▶ **Task description**:
All pictures are to be omitted while the lines starting at the line with "Beschreibung: 1927 Bp., Személyre" and ending at the line with "Ce collier intemporel" in the material below are retyped exactly, both ends included.

▶ **Records supplied**:

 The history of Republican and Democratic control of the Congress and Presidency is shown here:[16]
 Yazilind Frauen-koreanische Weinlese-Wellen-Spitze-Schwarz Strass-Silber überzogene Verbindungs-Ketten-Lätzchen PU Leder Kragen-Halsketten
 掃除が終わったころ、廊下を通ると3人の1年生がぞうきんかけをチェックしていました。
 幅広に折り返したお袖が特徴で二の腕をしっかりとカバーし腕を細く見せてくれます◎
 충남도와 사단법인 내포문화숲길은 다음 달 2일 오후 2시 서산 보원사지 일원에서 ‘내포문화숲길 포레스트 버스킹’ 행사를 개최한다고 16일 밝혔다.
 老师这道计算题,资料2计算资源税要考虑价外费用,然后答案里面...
...
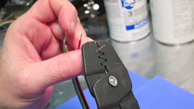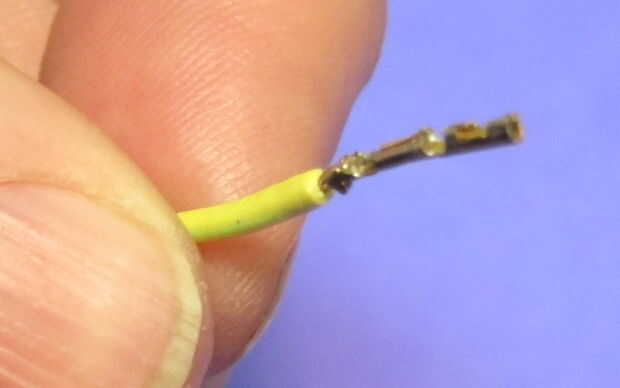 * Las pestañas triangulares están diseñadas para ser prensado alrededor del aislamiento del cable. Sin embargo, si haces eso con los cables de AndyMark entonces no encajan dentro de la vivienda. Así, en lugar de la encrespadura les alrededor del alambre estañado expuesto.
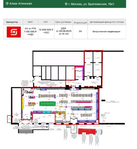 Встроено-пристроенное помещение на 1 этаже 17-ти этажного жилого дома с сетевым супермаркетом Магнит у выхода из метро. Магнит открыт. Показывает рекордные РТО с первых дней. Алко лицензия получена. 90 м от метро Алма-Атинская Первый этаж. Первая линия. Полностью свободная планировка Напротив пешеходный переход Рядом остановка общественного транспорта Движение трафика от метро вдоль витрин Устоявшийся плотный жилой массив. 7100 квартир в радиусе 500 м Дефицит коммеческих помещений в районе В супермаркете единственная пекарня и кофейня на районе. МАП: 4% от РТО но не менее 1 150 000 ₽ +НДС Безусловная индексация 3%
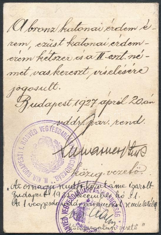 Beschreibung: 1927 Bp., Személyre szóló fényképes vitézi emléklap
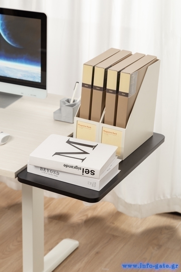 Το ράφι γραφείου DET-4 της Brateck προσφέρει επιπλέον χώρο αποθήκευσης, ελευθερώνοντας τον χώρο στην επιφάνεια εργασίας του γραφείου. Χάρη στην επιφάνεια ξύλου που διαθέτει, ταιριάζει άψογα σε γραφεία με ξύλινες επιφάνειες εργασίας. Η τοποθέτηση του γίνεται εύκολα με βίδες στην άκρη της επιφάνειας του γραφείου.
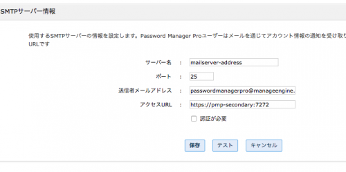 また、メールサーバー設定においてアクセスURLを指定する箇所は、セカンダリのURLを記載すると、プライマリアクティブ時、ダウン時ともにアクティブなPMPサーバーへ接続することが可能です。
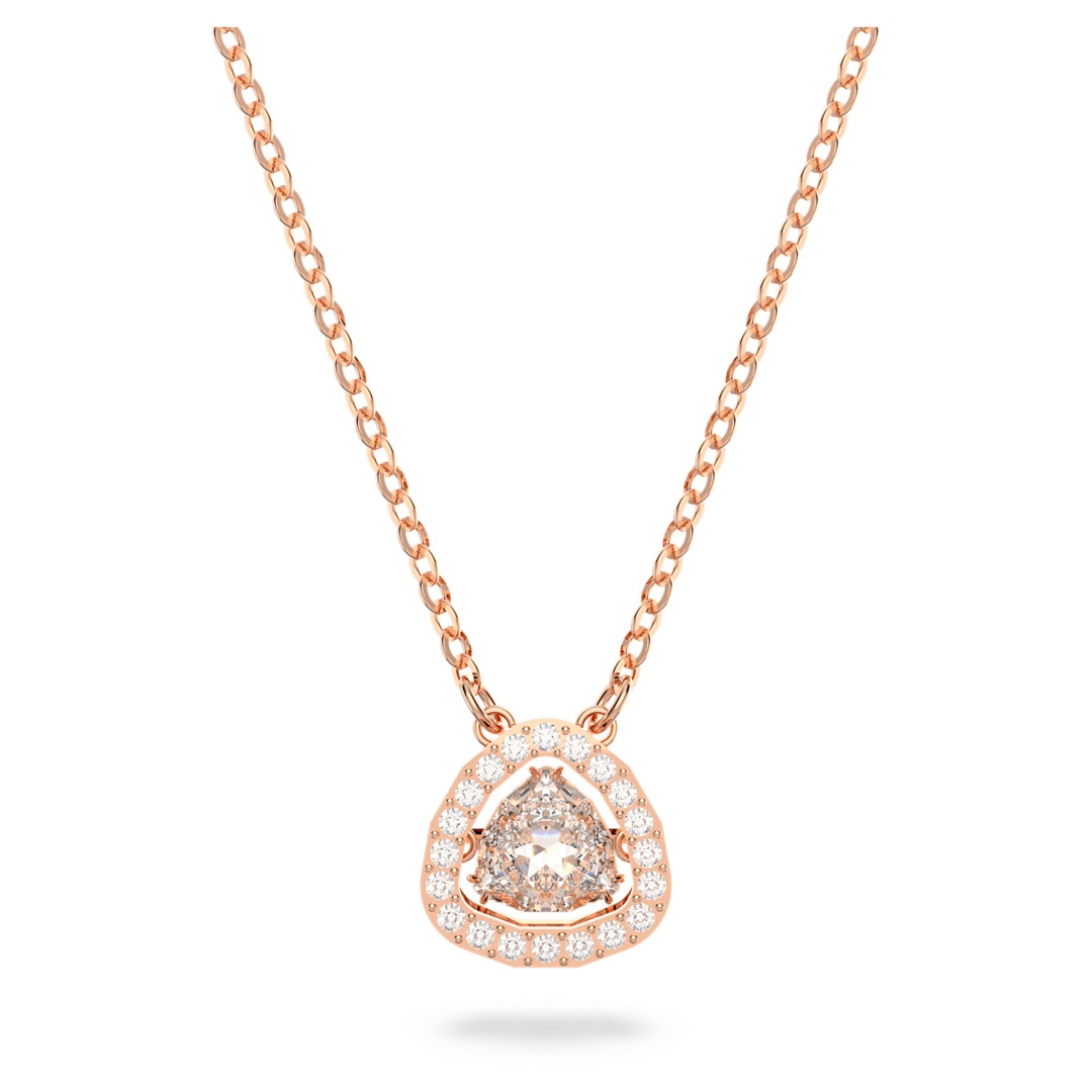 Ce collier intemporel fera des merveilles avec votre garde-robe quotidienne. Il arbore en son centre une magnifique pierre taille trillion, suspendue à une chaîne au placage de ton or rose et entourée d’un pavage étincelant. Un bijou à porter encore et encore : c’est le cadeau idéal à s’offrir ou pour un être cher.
...
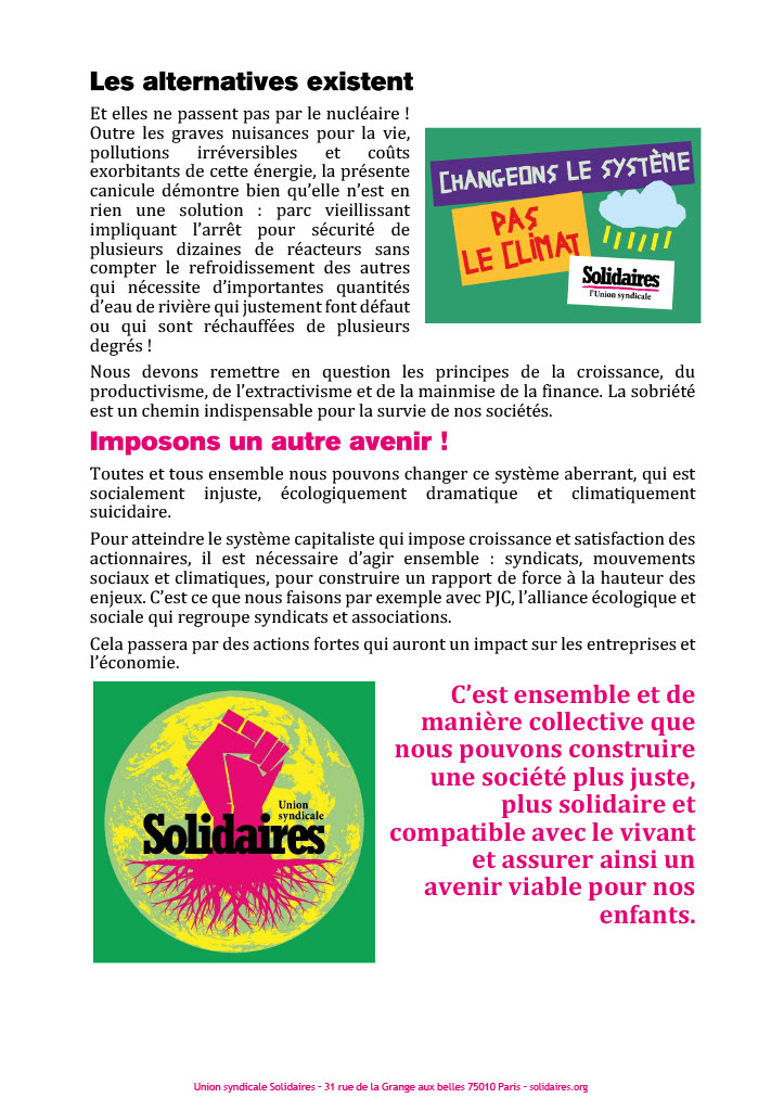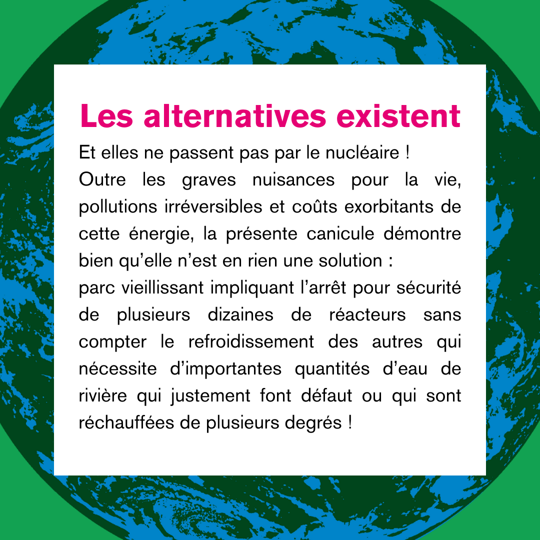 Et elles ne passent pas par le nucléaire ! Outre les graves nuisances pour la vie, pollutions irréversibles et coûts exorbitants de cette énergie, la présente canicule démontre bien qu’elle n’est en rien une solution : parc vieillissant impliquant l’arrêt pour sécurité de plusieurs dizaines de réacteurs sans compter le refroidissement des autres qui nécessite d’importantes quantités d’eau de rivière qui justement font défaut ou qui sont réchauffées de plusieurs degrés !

▶ **Response to the task**:
 Beschreibung: 1927 Bp., Személyre szóló fényképes vitézi emléklap
 Το ράφι γραφείου DET-4 της Brateck προσφέρει επιπλέον χώρο αποθήκευσης, ελευθερώνοντας τον χώρο στην επιφάνεια εργασίας του γραφείου. Χάρη στην επιφάνεια ξύλου που διαθέτει, ταιριάζει άψογα σε γραφεία με ξύλινες επιφάνειες εργασίας. Η τοποθέτηση του γίνεται εύκολα με βίδες στην άκρη της επιφάνειας του γραφείου.
 また、メールサーバー設定においてアクセスURLを指定する箇所は、セカンダリのURLを記載すると、プライマリアクティブ時、ダウン時ともにアクティブなPMPサーバーへ接続することが可能です。
 Ce collier intemporel fera des merveilles avec votre garde-robe quotidienne. Il arbore en son centre une magnifique pierre taille trillion, suspendue à une chaîne au placage de ton or rose et entourée d’un pavage étincelant. Un bijou à porter encore et encore : c’est le cadeau idéal à s’offrir ou pour un être cher.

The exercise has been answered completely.